-- Exercise data --
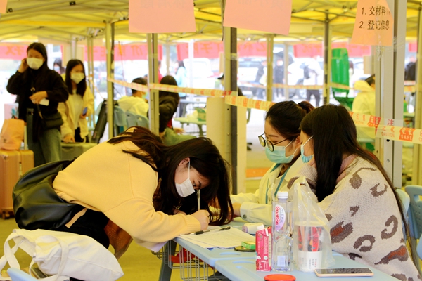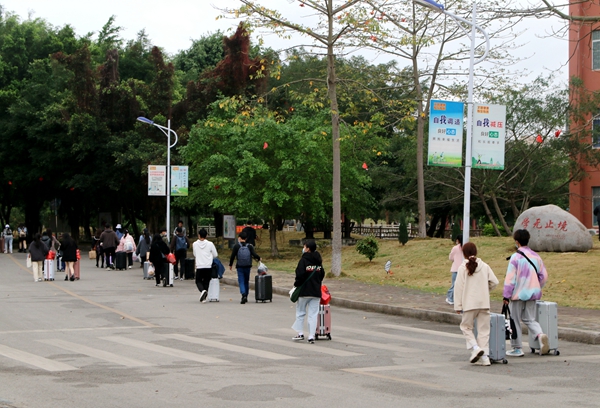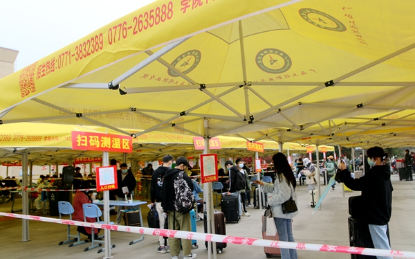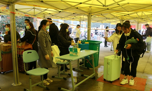 學(xué)生返校當(dāng)天,學(xué)校在校門(mén)口搭建了臨時(shí)帳篷,劃分了“汽車(chē)停放區(qū)”“排隊(duì)等候區(qū)”“掃碼區(qū)”“體溫測(cè)量區(qū)”“行李消殺區(qū)”“返校資料審核區(qū)”等多個(gè)區(qū)域,并開(kāi)通了多條通道方便學(xué)生有序返校。學(xué)生配合疫情防控查驗(yàn),有序排隊(duì),進(jìn)行體溫篩查,出示健康“綠碼”,進(jìn)行行李消殺和核驗(yàn)返校材料信息無(wú)誤后,簽到注冊(cè)、上交相關(guān)材料,安全進(jìn)入校園。學(xué)校還貼心安排了觀光車(chē),幫助學(xué)生運(yùn)送行李至宿舍樓。
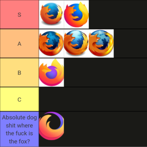 下面這張為歷來的火狐商標打出評價的階梯圖,集中表達了他們的訴求。年代最久遠的兩款LOGO被評為了最優秀的S級,而最新的LOGO位列倒數第一,評語如下:“絕對的狗屎,狐狸到底去哪兒了?”
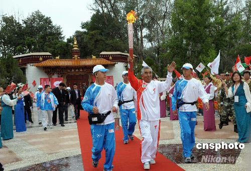 北京奧運(yùn)會火炬二十一日九時(shí)十分許在西藏自治區(qū)首府拉薩開始傳遞,第一次從北坡登上珠峰的藏族登山老英雄貢布擔(dān)任第一棒。此次拉薩傳遞共一百五十六名火炬手,其中包括七十八名以藏族為主題的少數(shù)民族和一名外籍人士。傳遞起點(diǎn)設(shè)在有“寶貝園林”之稱的羅布林卡廣場。 中新社發(fā) 廖攀 攝
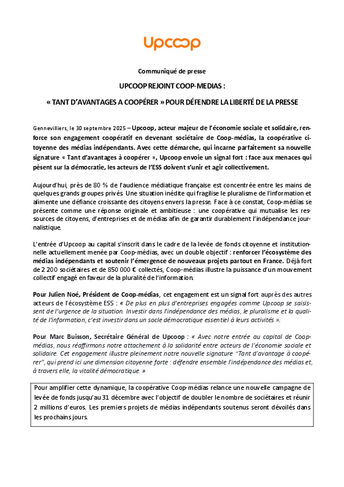 Dossier de presse du groupe Upcoop : TÉLÉCHARGER LE PDF
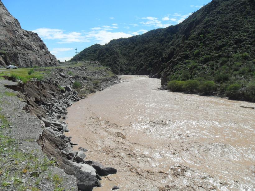 Nota: Las fotos corresponden a la Quebrada de Belén. Se puede ver la crecida del río y los daños producidos en un sector de la calzada.
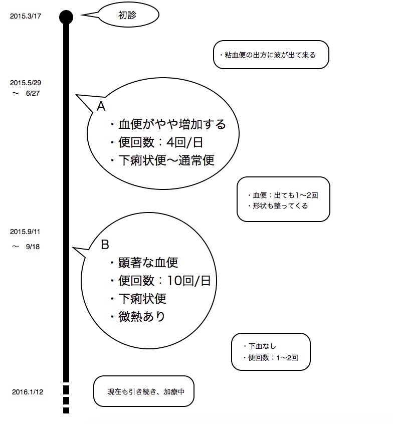 御依頼文にあるように、2010年の7月に潰瘍性大腸炎の症状を発症。

-- What to do --
The copy must start at the line containing "Dossier de presse" and end at the last line of the records, matching each line exactly and holding no pictures.

-- Finished exercise --
 Dossier de presse du groupe Upcoop : TÉLÉCHARGER LE PDF
 Nota: Las fotos corresponden a la Quebrada de Belén. Se puede ver la crecida del río y los daños producidos en un sector de la calzada.
 御依頼文にあるように、2010年の7月に潰瘍性大腸炎の症状を発症。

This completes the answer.